Mistakes will be made.
It’s pretty hard to kill a starter, unless you utterly neglect it.  A healthy one will double in volume after a feeding.  If yours doesn’t perform this parlor trick, it may not be strong enough to raise bread.  Try taking out more of your starter, and feed it again with more flour and water.  When it floats in warm water, it is ready for bread making.

This is like ‘nam.  There are no rules.
Trust your instincts. Does your starter seem a little wet?  (It should resemble a loose dough.)  Add a bit more flour.  Traveling from Boston to Syracuse?  Best to slightly underfeed it, so the starter does not crawl out of your bag and all over your car. 

Plan ahead.
If you will not be regularly baking bread, keep it in the fridge and feed it about once a week.  Remove the starter two days before you intend to use it.  Feed it once or twice a day, so it gains strength.  And be sure to feed it about 8 hours before you plan to use it.  It’s like training for a sports event.  Properly hydrate and eat enough carbs.  (If I don't have time to bake bread, I'll take the starter out and let it come to room temperature before feeding it.  After that leave it out and feed it daily or put it back in the fridge.)

Notes:
-The starter you use in a bread recipe is called a leaven.  It naturally raises your dough.  There are detailed instructions for making your own starter culture in the book.  You can also always make a new friend with someone that has a starter.  I had a generous boyfriend.

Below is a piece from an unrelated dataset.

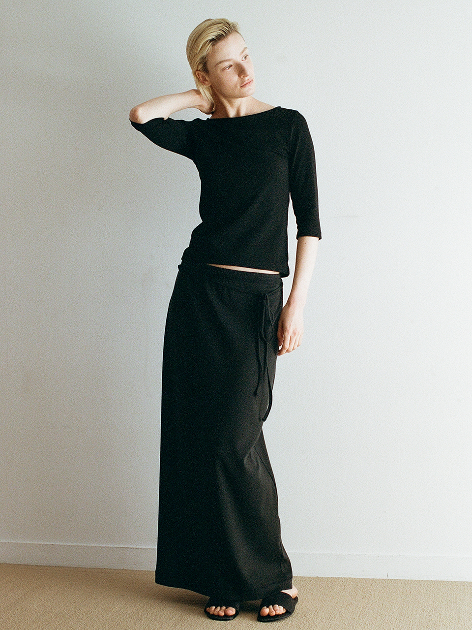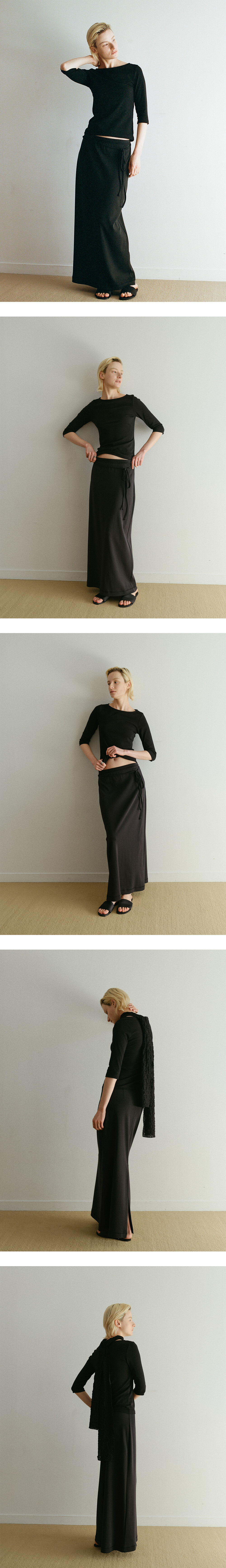 밀도 높고 매끄럽게 정돈된 외관의 코튼 립 스트링 맥시 스커트입니다. 견고한 짜임이 바디라인을 유연하게 잡아주어 흐트러짐 없이 단정한 실루엣을 연출합니다. 가만히 머물 때는 곧게 떨어지는 스트레이트 핏을 유지하지만, 걸음을 내디딜 때는 후면의 여유 있는 트임과 함께 세미 A라인으로 퍼지며 우아한 무드를 자아냅니다.

-These instructions work well for my Boston-grown, Canary Square-birthed starter.  (It’s coming from a persevering place, fueled by good beer.) I don't always get a chance to make bread regularly, so I've adapted my instructions as such.  Dive right in and experiment.

-I have nothing but love for this starter, despite its moniker.

-It seems Martha has published Tartine’s recipe.

-A special shout-out to the Quicks, whose baby bun is no longer in the oven.  May she have many good loaves in her future.  Lots of love, new family of three.